Your assignment: Retype all the records below exactly as they are, with no image carried over.

The records:
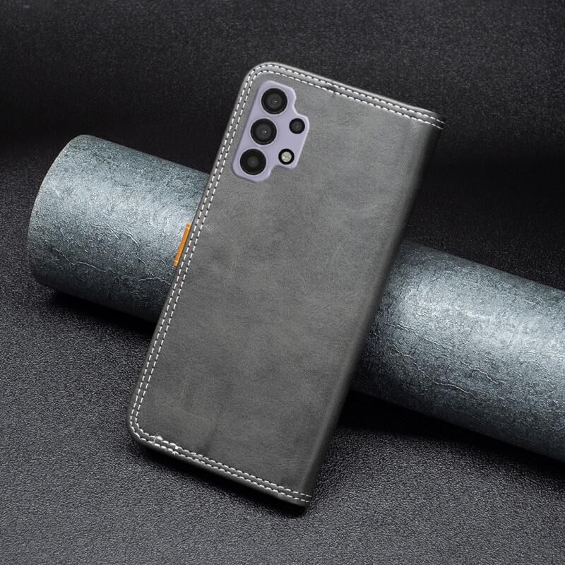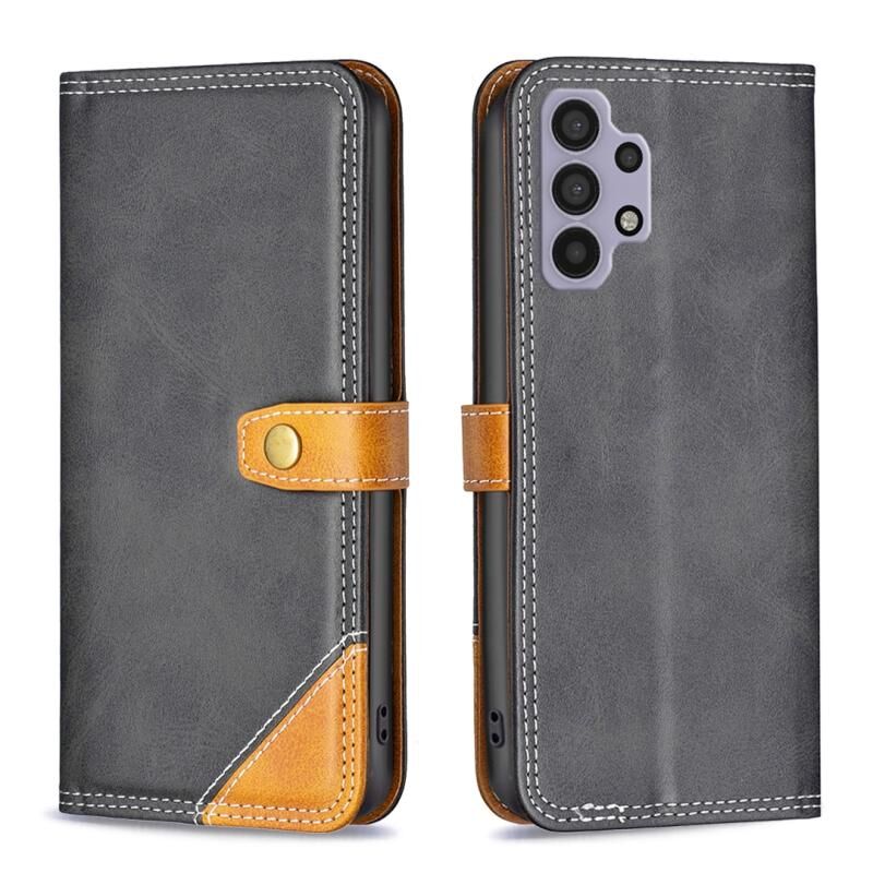 Θήκη τηλεφώνου Samsung Galaxy A32 5G από δέρμα με διπλή ραφή και αντιστοίχιση χρώματος (Μαύρο)
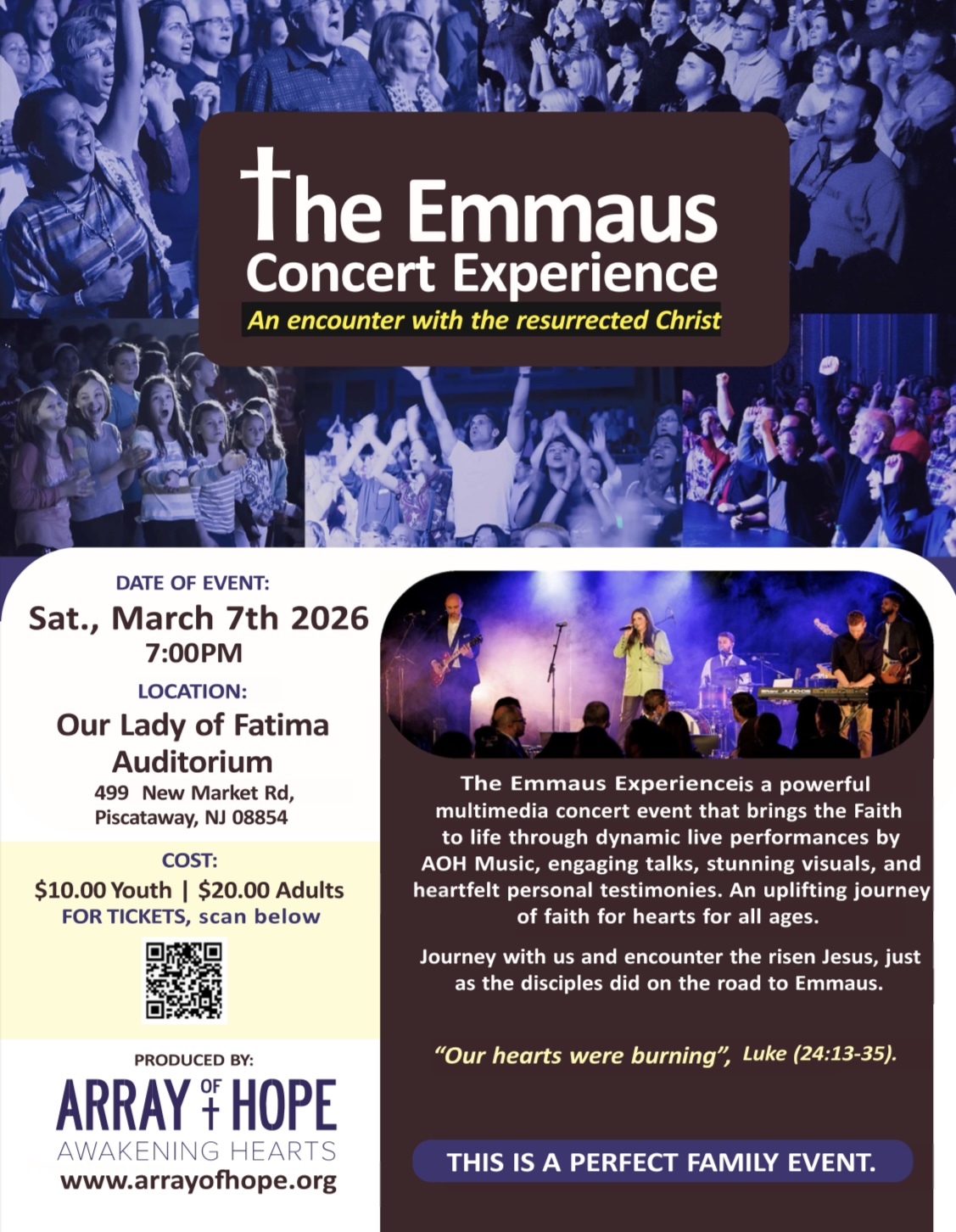 The Emmaus Concert Experience at Our Lady of Fatima Parish – Saturday, March 7th at 7:00pm
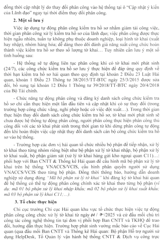 Theo Cục Hải quan, kể từ ngày 1/7/2025, hệ thống VNACCS/VCIS sẽ chính thức thực hiện chức năng tự động phân công chức kiểm tra hồ sơ hải quan. Công văn số 9689/CHQ-CNTT hướng dẫn các chi cục hải quan khu vực chính thức triển khai chức năng tự động phân công công chức kiểm tra hồ sơ trên hệ thống VNACCS/VCIS từ ngày 1/7/2025.
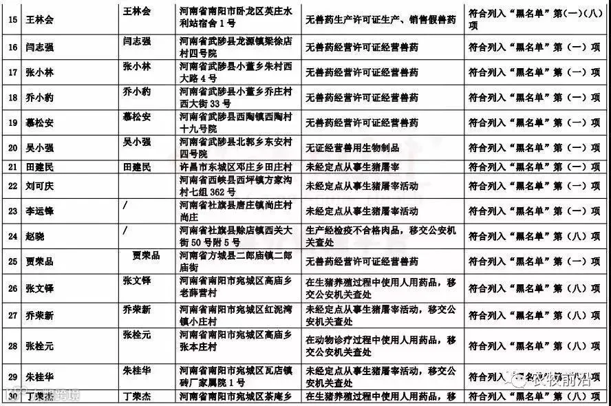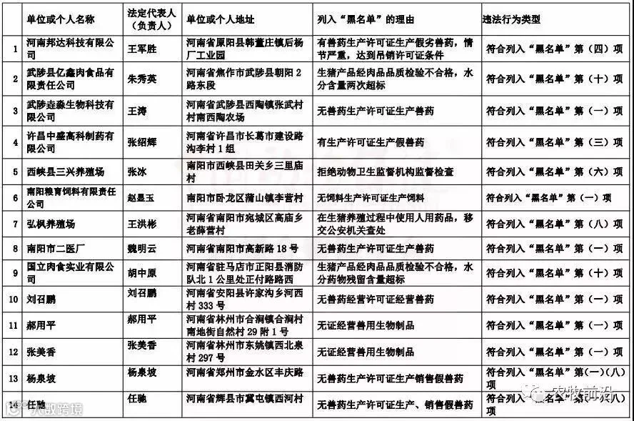 (四)信息公布。经确定列入“黑名单”的企业,省畜牧兽医执法总队通过河南畜牧兽医行政执法网等途径对外公布;
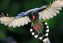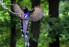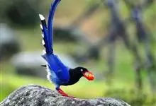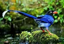 台湾蓝鹊:体长64至65厘米,翼展18至21厘米,尾长约40厘米,尾羽长占了总体长的三分之二。头、脸、颈、喉、胸都是黑色,黄色的眼珠包围黑色的瞳孔,鲜红色的鸟喙、双脚,…全部>>
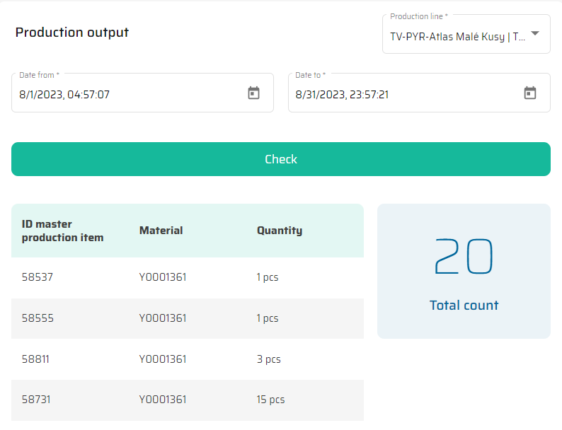 Once you input the desired filter values, the widget will show you a list of master orders that could be completed thanks to the production on the chosen line during the selected period. This means the widget does not track specific products but rather master orders and the quantity of material needed to complete them.

Exercise output:
 Θήκη τηλεφώνου Samsung Galaxy A32 5G από δέρμα με διπλή ραφή και αντιστοίχιση χρώματος (Μαύρο)
 The Emmaus Concert Experience at Our Lady of Fatima Parish – Saturday, March 7th at 7:00pm
 Theo Cục Hải quan, kể từ ngày 1/7/2025, hệ thống VNACCS/VCIS sẽ chính thức thực hiện chức năng tự động phân công chức kiểm tra hồ sơ hải quan. Công văn số 9689/CHQ-CNTT hướng dẫn các chi cục hải quan khu vực chính thức triển khai chức năng tự động phân công công chức kiểm tra hồ sơ trên hệ thống VNACCS/VCIS từ ngày 1/7/2025.
 (四)信息公布。经确定列入“黑名单”的企业,省畜牧兽医执法总队通过河南畜牧兽医行政执法网等途径对外公布;
 台湾蓝鹊:体长64至65厘米,翼展18至21厘米,尾长约40厘米,尾羽长占了总体长的三分之二。头、脸、颈、喉、胸都是黑色,黄色的眼珠包围黑色的瞳孔,鲜红色的鸟喙、双脚,…全部>>
 Once you input the desired filter values, the widget will show you a list of master orders that could be completed thanks to the production on the chosen line during the selected period. This means the widget does not track specific products but rather master orders and the quantity of material needed to complete them.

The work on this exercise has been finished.